**Work item**:
Once you reach the line with "Camelot JR van" below, copy each line exactly, stopping after the line with "いわば「マギカ=魔術」から「", and skip any pictures.

[Stored dataset items]
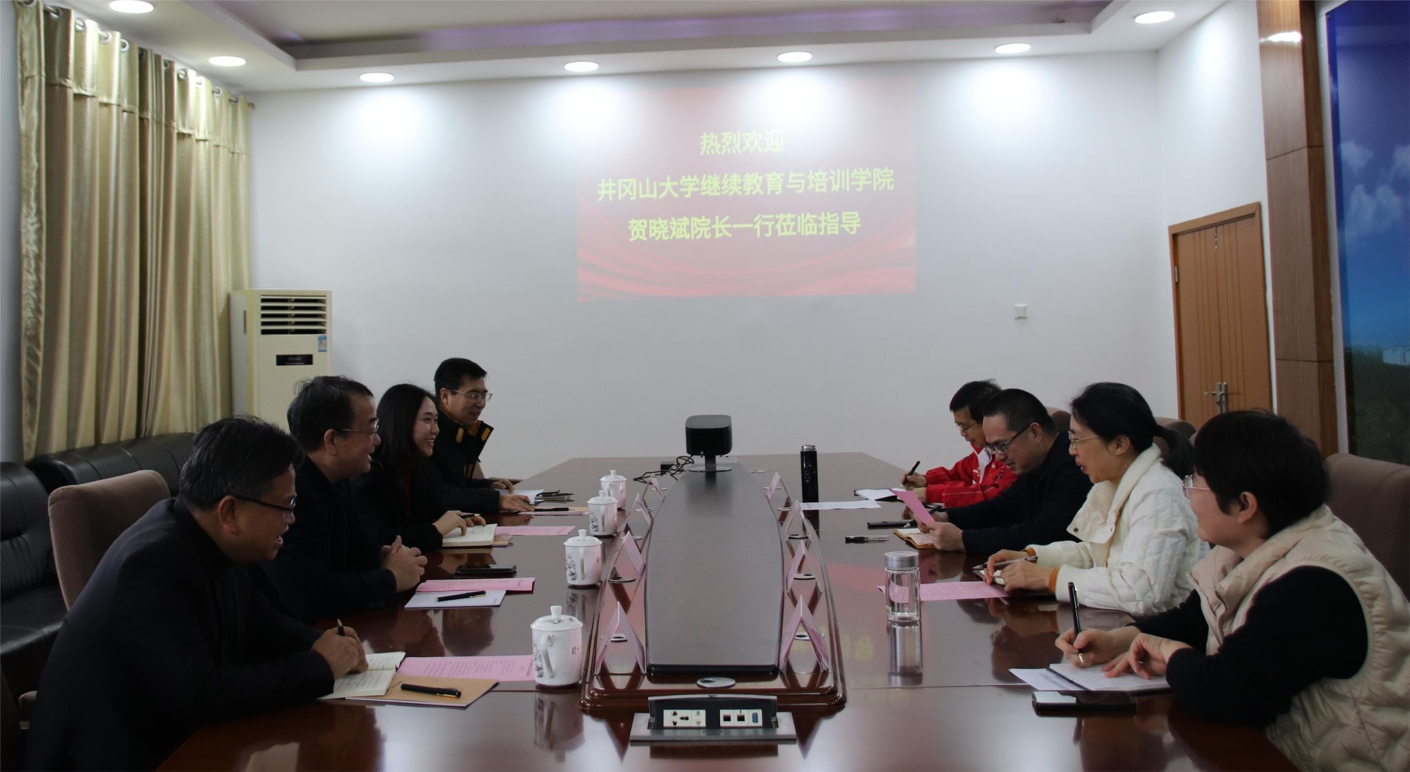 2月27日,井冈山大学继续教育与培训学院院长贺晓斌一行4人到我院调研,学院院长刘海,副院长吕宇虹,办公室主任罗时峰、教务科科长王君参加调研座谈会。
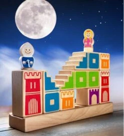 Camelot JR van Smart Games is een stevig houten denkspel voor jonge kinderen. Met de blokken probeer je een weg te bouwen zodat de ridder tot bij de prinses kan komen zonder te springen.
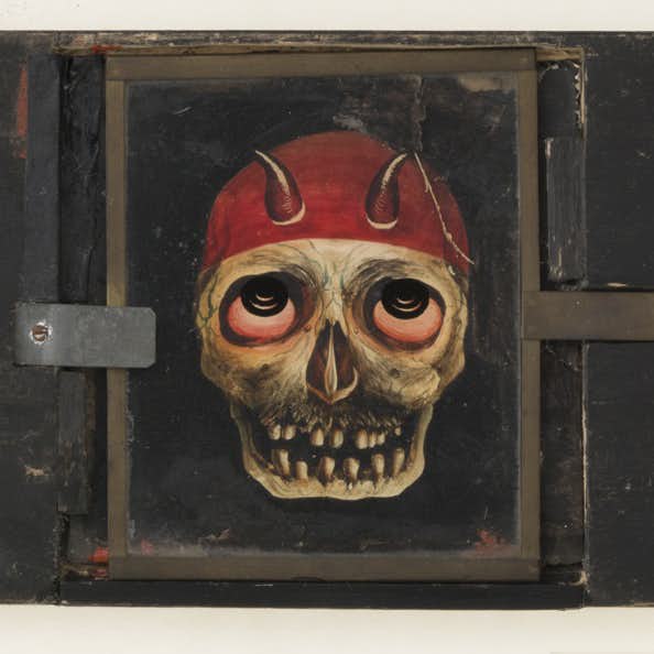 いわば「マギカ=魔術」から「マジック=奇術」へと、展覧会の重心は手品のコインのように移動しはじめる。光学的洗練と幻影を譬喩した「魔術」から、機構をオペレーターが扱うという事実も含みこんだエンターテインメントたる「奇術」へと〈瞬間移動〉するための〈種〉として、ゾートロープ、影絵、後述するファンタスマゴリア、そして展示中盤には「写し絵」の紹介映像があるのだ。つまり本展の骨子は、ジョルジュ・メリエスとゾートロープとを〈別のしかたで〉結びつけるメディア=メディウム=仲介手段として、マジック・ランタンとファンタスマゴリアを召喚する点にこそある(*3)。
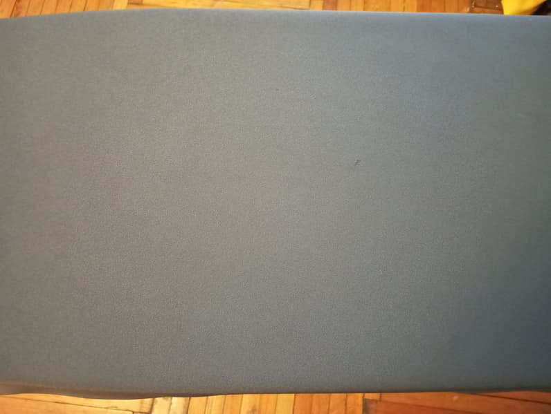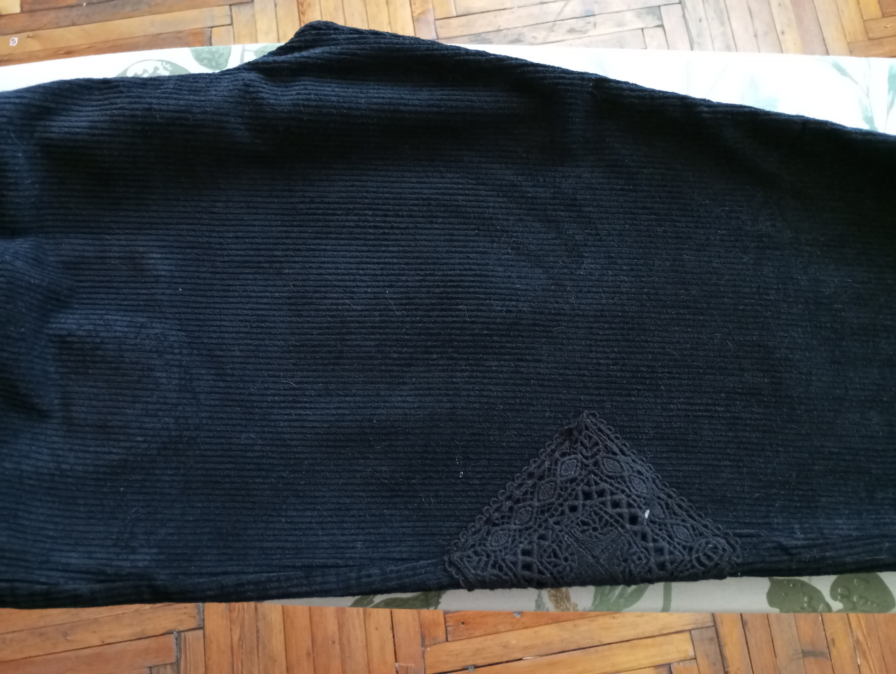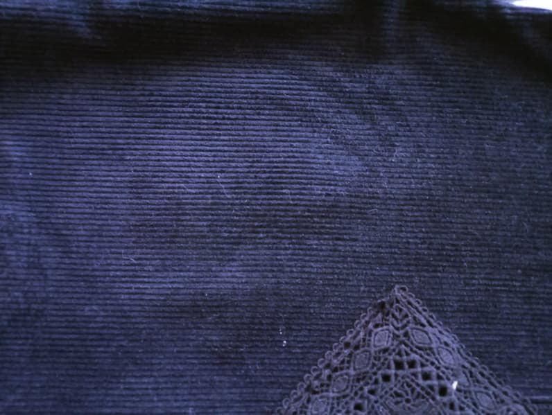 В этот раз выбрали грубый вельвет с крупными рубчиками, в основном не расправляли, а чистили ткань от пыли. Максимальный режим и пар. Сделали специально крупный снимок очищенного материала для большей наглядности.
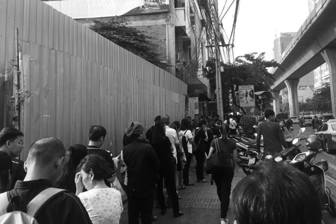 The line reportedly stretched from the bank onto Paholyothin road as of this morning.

**Task solution**:
 Camelot JR van Smart Games is een stevig houten denkspel voor jonge kinderen. Met de blokken probeer je een weg te bouwen zodat de ridder tot bij de prinses kan komen zonder te springen.
 いわば「マギカ=魔術」から「マジック=奇術」へと、展覧会の重心は手品のコインのように移動しはじめる。光学的洗練と幻影を譬喩した「魔術」から、機構をオペレーターが扱うという事実も含みこんだエンターテインメントたる「奇術」へと〈瞬間移動〉するための〈種〉として、ゾートロープ、影絵、後述するファンタスマゴリア、そして展示中盤には「写し絵」の紹介映像があるのだ。つまり本展の骨子は、ジョルジュ・メリエスとゾートロープとを〈別のしかたで〉結びつけるメディア=メディウム=仲介手段として、マジック・ランタンとファンタスマゴリアを召喚する点にこそある(*3)。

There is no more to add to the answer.